→ YOUR TASK
Could you write out each of the records below exactly?

Dataset items
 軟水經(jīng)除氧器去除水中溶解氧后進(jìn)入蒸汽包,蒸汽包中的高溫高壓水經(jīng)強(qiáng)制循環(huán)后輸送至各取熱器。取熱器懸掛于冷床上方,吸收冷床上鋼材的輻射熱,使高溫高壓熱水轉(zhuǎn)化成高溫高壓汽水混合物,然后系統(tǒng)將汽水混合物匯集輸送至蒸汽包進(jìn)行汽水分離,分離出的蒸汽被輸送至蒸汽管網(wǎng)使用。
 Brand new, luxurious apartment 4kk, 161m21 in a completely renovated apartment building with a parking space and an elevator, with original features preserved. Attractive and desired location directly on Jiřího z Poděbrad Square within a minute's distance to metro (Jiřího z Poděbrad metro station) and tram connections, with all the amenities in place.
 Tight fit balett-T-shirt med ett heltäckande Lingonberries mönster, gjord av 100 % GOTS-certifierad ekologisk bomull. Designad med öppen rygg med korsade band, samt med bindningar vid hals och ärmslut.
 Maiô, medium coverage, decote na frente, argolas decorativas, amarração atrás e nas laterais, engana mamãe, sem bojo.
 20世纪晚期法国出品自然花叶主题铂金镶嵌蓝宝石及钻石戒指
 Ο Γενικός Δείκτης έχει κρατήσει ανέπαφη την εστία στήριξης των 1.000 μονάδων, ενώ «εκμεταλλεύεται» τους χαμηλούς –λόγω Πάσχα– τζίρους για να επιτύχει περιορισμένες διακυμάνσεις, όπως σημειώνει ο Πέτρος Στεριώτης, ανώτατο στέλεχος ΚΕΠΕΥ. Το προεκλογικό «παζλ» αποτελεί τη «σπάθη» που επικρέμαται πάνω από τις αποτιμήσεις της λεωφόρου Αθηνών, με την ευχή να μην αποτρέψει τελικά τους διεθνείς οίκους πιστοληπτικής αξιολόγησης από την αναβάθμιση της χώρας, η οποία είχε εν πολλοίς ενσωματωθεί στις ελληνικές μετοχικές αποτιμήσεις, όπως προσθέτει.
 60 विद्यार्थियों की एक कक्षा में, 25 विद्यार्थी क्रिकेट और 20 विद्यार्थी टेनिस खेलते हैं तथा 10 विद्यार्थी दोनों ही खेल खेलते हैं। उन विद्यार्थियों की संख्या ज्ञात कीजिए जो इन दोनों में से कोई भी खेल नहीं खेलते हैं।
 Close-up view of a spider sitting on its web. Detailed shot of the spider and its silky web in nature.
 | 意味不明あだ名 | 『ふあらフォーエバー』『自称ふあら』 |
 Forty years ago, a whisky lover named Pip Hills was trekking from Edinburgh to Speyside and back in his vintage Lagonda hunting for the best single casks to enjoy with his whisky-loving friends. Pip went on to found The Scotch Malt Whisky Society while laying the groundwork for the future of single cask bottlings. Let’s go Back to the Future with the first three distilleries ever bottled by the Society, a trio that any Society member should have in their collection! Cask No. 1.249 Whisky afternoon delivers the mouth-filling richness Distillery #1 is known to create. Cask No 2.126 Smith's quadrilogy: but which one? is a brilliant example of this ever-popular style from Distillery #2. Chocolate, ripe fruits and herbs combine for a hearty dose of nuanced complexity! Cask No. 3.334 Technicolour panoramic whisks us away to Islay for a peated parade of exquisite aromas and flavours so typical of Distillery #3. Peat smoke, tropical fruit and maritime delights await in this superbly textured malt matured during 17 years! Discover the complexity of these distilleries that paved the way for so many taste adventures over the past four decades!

→ RESPONSE BOX
 軟水經(jīng)除氧器去除水中溶解氧后進(jìn)入蒸汽包,蒸汽包中的高溫高壓水經(jīng)強(qiáng)制循環(huán)后輸送至各取熱器。取熱器懸掛于冷床上方,吸收冷床上鋼材的輻射熱,使高溫高壓熱水轉(zhuǎn)化成高溫高壓汽水混合物,然后系統(tǒng)將汽水混合物匯集輸送至蒸汽包進(jìn)行汽水分離,分離出的蒸汽被輸送至蒸汽管網(wǎng)使用。
 Brand new, luxurious apartment 4kk, 161m21 in a completely renovated apartment building with a parking space and an elevator, with original features preserved. Attractive and desired location directly on Jiřího z Poděbrad Square within a minute's distance to metro (Jiřího z Poděbrad metro station) and tram connections, with all the amenities in place.
 Tight fit balett-T-shirt med ett heltäckande Lingonberries mönster, gjord av 100 % GOTS-certifierad ekologisk bomull. Designad med öppen rygg med korsade band, samt med bindningar vid hals och ärmslut.
 Maiô, medium coverage, decote na frente, argolas decorativas, amarração atrás e nas laterais, engana mamãe, sem bojo.
 20世纪晚期法国出品自然花叶主题铂金镶嵌蓝宝石及钻石戒指
 Ο Γενικός Δείκτης έχει κρατήσει ανέπαφη την εστία στήριξης των 1.000 μονάδων, ενώ «εκμεταλλεύεται» τους χαμηλούς –λόγω Πάσχα– τζίρους για να επιτύχει περιορισμένες διακυμάνσεις, όπως σημειώνει ο Πέτρος Στεριώτης, ανώτατο στέλεχος ΚΕΠΕΥ. Το προεκλογικό «παζλ» αποτελεί τη «σπάθη» που επικρέμαται πάνω από τις αποτιμήσεις της λεωφόρου Αθηνών, με την ευχή να μην αποτρέψει τελικά τους διεθνείς οίκους πιστοληπτικής αξιολόγησης από την αναβάθμιση της χώρας, η οποία είχε εν πολλοίς ενσωματωθεί στις ελληνικές μετοχικές αποτιμήσεις, όπως προσθέτει.
 60 विद्यार्थियों की एक कक्षा में, 25 विद्यार्थी क्रिकेट और 20 विद्यार्थी टेनिस खेलते हैं तथा 10 विद्यार्थी दोनों ही खेल खेलते हैं। उन विद्यार्थियों की संख्या ज्ञात कीजिए जो इन दोनों में से कोई भी खेल नहीं खेलते हैं।
 Close-up view of a spider sitting on its web. Detailed shot of the spider and its silky web in nature.
 | 意味不明あだ名 | 『ふあらフォーエバー』『自称ふあら』 |
 Forty years ago, a whisky lover named Pip Hills was trekking from Edinburgh to Speyside and back in his vintage Lagonda hunting for the best single casks to enjoy with his whisky-loving friends. Pip went on to found The Scotch Malt Whisky Society while laying the groundwork for the future of single cask bottlings. Let’s go Back to the Future with the first three distilleries ever bottled by the Society, a trio that any Society member should have in their collection! Cask No. 1.249 Whisky afternoon delivers the mouth-filling richness Distillery #1 is known to create. Cask No 2.126 Smith's quadrilogy: but which one? is a brilliant example of this ever-popular style from Distillery #2. Chocolate, ripe fruits and herbs combine for a hearty dose of nuanced complexity! Cask No. 3.334 Technicolour panoramic whisks us away to Islay for a peated parade of exquisite aromas and flavours so typical of Distillery #3. Peat smoke, tropical fruit and maritime delights await in this superbly textured malt matured during 17 years! Discover the complexity of these distilleries that paved the way for so many taste adventures over the past four decades!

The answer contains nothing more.